From the set of raw clusters, curators join and split clusters, and add annotation information (protein name, gene name, description), and publication links. The cluster annotation is occasionally propagated to every RefSeq protein that belongs to a specific cluster in order to generate more consistent protein and gene annotation on RefSeq records.
Entrez Protein Cluster Overview
Figure 1. Protein cluster overview. The main page for the protein clusters showing a representative protein cluster (PRK09525 - beta-galactosidase). Certain sections are collapsible for compact viewing, or expandable for a more detailed display (blue arrows).

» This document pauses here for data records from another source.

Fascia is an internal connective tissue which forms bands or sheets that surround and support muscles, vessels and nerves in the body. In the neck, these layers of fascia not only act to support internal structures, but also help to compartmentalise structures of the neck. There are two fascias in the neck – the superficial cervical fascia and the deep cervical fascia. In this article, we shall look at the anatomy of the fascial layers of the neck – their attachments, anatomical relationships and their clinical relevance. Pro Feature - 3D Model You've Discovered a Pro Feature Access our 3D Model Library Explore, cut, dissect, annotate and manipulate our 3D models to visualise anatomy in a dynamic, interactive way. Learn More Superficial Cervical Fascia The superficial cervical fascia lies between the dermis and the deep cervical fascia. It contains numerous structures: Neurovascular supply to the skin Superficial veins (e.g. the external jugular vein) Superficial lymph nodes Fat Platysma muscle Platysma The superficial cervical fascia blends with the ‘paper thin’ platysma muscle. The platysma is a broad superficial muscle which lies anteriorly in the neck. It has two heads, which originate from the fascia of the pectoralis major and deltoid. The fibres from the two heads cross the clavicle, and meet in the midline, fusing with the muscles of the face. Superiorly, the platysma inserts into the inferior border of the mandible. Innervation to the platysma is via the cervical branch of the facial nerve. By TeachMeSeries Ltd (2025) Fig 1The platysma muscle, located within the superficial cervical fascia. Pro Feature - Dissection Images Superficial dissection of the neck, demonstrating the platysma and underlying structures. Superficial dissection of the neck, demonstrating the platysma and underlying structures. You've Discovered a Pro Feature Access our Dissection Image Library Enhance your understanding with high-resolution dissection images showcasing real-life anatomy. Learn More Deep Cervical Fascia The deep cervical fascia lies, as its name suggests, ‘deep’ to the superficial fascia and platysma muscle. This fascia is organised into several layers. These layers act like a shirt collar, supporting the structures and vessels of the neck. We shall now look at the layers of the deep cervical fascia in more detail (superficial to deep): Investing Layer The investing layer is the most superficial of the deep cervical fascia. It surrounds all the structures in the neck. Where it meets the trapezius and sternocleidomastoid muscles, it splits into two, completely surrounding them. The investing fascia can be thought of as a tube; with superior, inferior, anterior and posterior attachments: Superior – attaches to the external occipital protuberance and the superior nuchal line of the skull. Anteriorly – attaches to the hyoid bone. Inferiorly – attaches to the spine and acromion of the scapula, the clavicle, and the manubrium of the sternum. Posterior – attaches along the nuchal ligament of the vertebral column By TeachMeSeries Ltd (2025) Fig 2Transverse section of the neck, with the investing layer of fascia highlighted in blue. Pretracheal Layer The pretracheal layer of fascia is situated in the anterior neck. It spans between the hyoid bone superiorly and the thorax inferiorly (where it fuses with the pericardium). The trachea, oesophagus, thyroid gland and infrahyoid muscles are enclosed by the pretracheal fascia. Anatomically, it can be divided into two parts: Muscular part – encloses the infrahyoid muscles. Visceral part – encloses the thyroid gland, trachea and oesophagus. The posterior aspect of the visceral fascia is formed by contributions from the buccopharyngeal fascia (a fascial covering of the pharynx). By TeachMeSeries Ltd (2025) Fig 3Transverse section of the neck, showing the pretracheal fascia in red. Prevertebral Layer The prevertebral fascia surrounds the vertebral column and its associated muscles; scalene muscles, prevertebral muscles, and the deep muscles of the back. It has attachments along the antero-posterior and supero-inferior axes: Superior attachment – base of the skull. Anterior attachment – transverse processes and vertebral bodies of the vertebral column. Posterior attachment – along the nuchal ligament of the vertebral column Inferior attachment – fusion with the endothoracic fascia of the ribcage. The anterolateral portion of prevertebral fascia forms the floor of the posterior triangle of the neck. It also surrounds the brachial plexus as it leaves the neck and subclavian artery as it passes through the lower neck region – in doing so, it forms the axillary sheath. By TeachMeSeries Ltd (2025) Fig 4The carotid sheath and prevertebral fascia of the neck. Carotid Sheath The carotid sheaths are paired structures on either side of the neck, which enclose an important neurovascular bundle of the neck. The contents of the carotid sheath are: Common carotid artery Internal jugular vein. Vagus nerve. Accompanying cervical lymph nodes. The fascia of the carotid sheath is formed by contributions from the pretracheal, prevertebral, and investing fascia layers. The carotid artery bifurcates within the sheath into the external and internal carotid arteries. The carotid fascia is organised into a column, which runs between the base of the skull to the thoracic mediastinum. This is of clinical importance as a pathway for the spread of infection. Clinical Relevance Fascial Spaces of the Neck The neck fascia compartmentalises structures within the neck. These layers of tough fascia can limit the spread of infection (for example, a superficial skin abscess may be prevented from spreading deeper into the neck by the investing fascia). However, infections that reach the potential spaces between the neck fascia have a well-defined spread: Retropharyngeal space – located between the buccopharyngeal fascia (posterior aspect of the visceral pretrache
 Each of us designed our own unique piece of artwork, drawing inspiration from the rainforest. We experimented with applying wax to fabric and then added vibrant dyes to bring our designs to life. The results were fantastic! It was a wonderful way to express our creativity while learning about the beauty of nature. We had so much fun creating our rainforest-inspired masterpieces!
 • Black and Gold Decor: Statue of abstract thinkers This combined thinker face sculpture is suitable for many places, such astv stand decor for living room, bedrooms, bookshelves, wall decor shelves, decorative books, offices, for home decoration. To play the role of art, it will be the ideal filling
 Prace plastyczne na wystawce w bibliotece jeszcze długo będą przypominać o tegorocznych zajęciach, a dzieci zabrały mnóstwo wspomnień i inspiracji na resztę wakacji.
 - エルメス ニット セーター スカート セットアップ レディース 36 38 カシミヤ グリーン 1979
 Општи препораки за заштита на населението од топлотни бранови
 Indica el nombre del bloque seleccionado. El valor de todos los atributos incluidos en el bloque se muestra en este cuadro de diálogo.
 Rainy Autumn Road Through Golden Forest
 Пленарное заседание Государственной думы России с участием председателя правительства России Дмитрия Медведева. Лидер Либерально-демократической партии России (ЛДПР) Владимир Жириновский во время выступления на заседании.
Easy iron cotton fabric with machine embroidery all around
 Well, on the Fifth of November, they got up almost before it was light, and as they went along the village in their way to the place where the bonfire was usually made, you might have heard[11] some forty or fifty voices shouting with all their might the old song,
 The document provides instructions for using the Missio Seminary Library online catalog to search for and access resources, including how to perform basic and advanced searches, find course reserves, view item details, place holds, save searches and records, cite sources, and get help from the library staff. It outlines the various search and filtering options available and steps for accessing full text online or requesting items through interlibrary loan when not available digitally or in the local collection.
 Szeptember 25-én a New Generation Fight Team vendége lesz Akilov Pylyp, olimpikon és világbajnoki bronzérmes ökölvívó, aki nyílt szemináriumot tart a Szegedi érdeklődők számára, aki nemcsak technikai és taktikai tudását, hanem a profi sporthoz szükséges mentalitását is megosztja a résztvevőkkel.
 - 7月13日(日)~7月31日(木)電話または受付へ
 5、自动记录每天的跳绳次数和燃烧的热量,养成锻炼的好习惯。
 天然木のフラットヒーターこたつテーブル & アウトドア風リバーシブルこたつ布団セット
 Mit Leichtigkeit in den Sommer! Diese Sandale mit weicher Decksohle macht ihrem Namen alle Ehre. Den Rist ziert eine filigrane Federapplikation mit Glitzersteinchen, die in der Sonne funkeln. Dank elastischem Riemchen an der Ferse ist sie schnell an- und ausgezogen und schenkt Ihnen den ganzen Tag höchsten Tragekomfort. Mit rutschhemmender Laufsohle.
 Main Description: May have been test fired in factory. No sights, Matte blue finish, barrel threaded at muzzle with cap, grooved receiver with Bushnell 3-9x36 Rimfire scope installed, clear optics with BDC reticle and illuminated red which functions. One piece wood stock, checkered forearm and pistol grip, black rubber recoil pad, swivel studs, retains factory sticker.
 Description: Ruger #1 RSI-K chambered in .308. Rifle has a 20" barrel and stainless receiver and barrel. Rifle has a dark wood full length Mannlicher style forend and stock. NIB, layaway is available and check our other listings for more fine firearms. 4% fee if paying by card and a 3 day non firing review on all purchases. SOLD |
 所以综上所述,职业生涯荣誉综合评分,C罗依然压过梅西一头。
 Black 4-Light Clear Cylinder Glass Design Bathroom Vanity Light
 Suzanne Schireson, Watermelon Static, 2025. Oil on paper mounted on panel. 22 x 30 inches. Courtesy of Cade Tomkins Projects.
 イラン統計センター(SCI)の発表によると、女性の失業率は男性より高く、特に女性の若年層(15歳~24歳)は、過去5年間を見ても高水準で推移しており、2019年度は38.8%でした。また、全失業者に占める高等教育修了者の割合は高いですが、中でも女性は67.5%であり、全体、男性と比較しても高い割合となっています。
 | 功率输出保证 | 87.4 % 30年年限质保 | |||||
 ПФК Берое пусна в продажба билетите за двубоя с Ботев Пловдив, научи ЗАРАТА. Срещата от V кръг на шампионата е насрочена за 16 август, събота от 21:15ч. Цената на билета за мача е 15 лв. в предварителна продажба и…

A. Core curated information includes the cluster number, curation status, protein name, and gene name. Additional descriptive curated information is found immediately below the blue bar as well as the enzyme commission number (cross reference section), and curated publications (publication section). B. Cluster info contains basic statistical information about the cluster, the identifier (UID), total proteins, genera, organisms, paralogs, and publications along with the taxonomic conservation level. C. Cluster tools provide analytical tools for the analyses of alignments, construction of phylogenetic trees, and examination of genomic neighborhoods in all sequences (ProtMap) or as conserved patterns. D. Cross references contain important links to other databases at NCBI or external databases. Specific links to other Entrez Databases are below the cross reference section. E. Domain description (CDD), COG category, and BRITE hierarchy (KEGG) provide more general information for a protein cluster. F. Publications are either curated, or collected automatically for proteins (RefSeq, SwissProt, structures, via sequence similarity), domains (CDD), and genes (GeneRIFs) and displayed by category in a semi-collapsed (only one publication per category) state which can be expanded to the full list, or the full list of publications can be displayed in PubMed. G. Top pattern links to the cluster pattern display.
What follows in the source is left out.